◆ **Records shown**
———

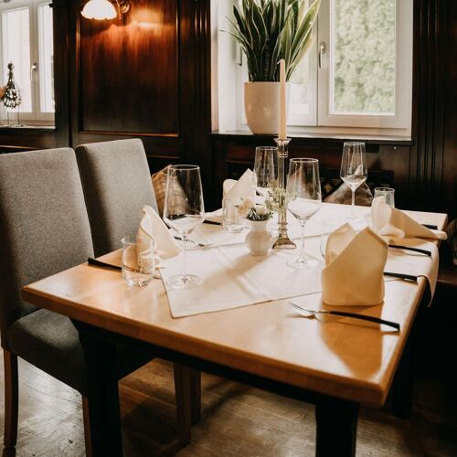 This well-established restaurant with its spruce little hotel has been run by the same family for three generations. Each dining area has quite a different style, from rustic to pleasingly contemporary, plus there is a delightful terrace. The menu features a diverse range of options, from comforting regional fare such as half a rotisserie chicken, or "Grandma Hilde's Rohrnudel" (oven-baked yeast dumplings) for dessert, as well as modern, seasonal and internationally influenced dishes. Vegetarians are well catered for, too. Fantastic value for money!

———

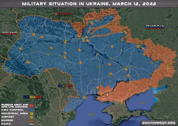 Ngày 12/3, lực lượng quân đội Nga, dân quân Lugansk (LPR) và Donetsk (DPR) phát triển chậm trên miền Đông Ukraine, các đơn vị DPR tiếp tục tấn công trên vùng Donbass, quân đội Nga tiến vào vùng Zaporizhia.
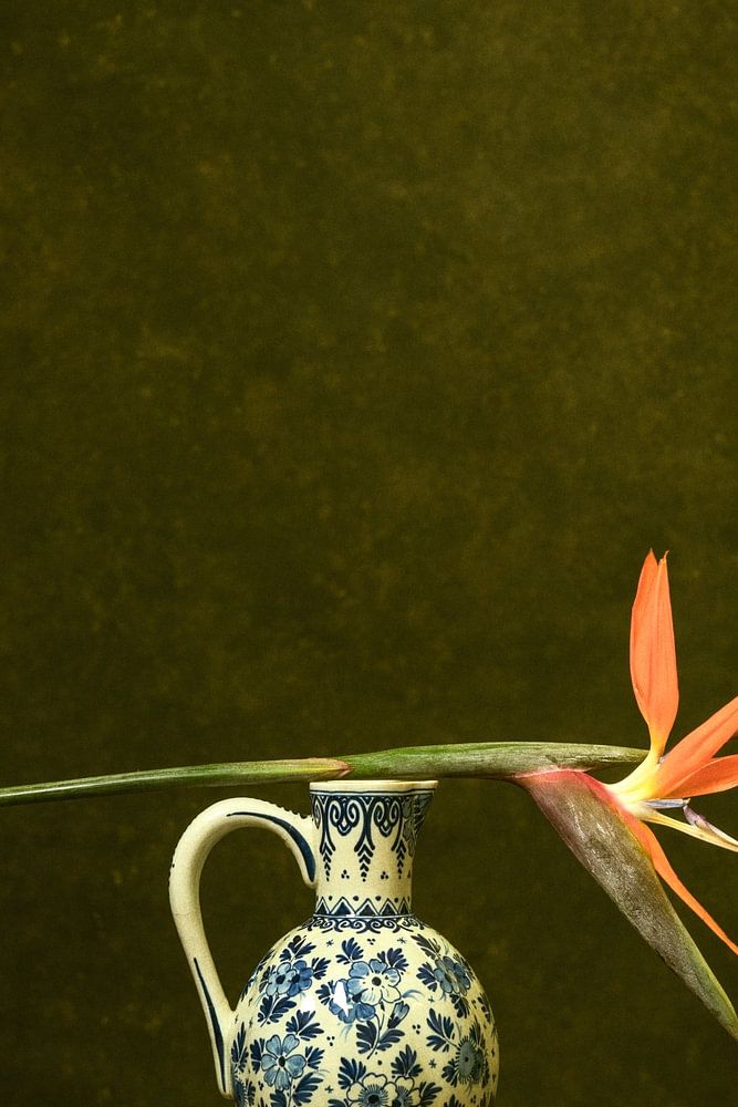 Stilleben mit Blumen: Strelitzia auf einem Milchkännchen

———

◆ **Work task**
Only one stretch of the listing is wanted: the lines starting at the one with "Ngày 12/3, lực" and ending at the one with "Stilleben mit Blumen: Strelitzia", copied exactly and free of pictures.

◆ **Result of this task**
 Ngày 12/3, lực lượng quân đội Nga, dân quân Lugansk (LPR) và Donetsk (DPR) phát triển chậm trên miền Đông Ukraine, các đơn vị DPR tiếp tục tấn công trên vùng Donbass, quân đội Nga tiến vào vùng Zaporizhia.
 Stilleben mit Blumen: Strelitzia auf einem Milchkännchen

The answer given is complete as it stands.